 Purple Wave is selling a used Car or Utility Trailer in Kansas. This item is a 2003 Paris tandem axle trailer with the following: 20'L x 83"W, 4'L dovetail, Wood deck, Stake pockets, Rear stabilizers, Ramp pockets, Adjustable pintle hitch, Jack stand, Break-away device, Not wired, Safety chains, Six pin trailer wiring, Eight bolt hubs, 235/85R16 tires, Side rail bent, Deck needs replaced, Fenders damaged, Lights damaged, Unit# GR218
· · · · ·
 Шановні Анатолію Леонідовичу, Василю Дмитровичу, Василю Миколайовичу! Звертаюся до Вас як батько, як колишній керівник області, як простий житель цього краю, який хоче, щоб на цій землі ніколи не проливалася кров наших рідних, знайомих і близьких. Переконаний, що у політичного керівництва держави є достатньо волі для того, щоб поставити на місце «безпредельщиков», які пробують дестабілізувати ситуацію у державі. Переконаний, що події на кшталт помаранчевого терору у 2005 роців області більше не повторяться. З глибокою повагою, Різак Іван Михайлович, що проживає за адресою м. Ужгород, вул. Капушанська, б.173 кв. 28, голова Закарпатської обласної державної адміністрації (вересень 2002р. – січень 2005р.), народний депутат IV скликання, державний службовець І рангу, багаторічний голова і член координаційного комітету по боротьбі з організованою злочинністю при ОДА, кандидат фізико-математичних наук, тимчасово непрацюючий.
· · · · ·
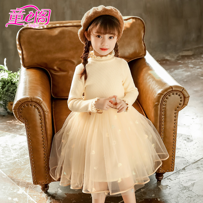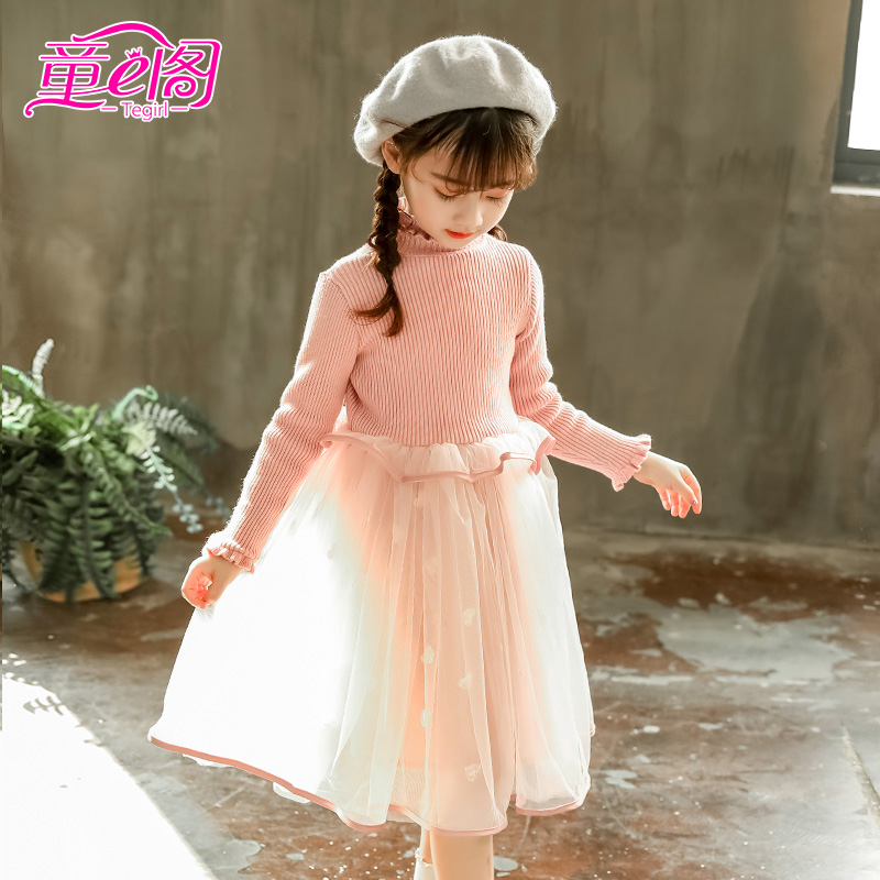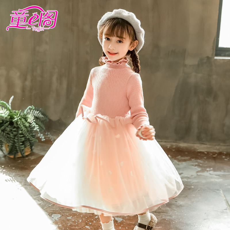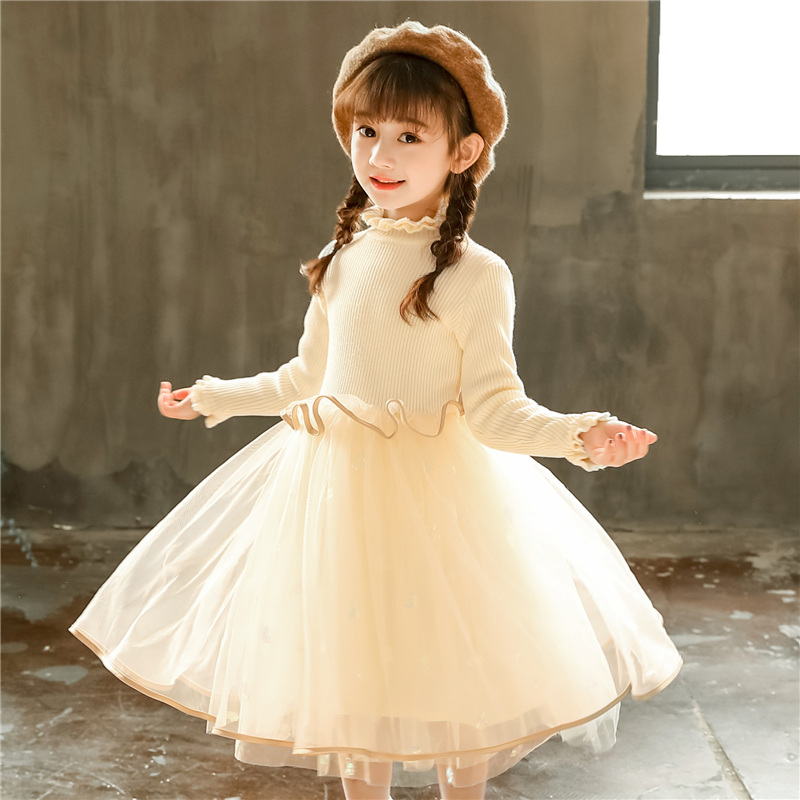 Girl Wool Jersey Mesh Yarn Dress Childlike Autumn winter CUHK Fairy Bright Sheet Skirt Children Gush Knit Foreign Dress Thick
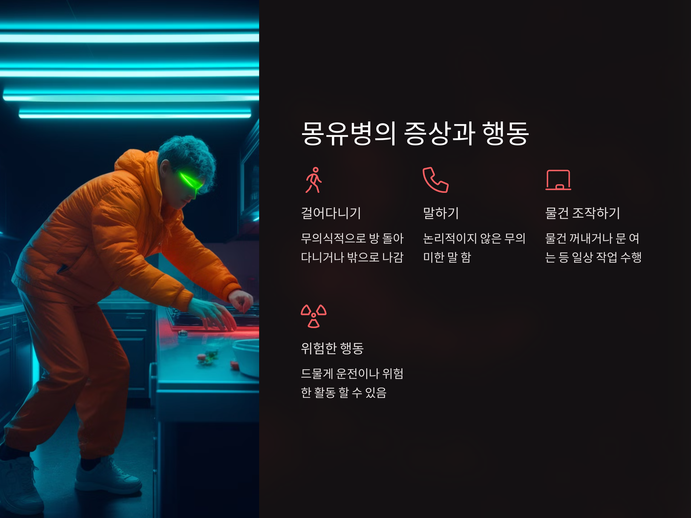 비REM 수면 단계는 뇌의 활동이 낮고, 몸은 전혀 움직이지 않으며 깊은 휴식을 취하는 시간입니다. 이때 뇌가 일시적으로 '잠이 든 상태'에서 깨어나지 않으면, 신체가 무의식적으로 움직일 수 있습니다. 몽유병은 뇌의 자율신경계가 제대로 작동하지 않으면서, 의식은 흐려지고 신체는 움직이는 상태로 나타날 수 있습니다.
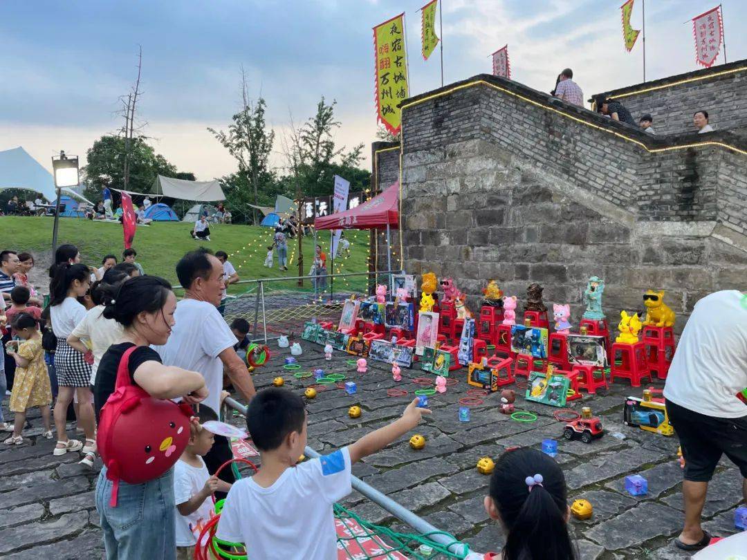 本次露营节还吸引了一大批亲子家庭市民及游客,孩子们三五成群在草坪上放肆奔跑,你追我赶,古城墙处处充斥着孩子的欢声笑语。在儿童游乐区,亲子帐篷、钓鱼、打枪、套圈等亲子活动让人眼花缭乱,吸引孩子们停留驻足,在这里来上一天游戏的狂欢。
· · · · ·
◆ **Aim of the task**
Range to copy from the listing above: the line containing "비REM 수면 단계는" down to the line containing "本次露营节还吸引了一大批亲子", both included. Reproduce it exactly, minus the pictures, and add nothing.

◆ **Task result**
 비REM 수면 단계는 뇌의 활동이 낮고, 몸은 전혀 움직이지 않으며 깊은 휴식을 취하는 시간입니다. 이때 뇌가 일시적으로 '잠이 든 상태'에서 깨어나지 않으면, 신체가 무의식적으로 움직일 수 있습니다. 몽유병은 뇌의 자율신경계가 제대로 작동하지 않으면서, 의식은 흐려지고 신체는 움직이는 상태로 나타날 수 있습니다.
 本次露营节还吸引了一大批亲子家庭市民及游客,孩子们三五成群在草坪上放肆奔跑,你追我赶,古城墙处处充斥着孩子的欢声笑语。在儿童游乐区,亲子帐篷、钓鱼、打枪、套圈等亲子活动让人眼花缭乱,吸引孩子们停留驻足,在这里来上一天游戏的狂欢。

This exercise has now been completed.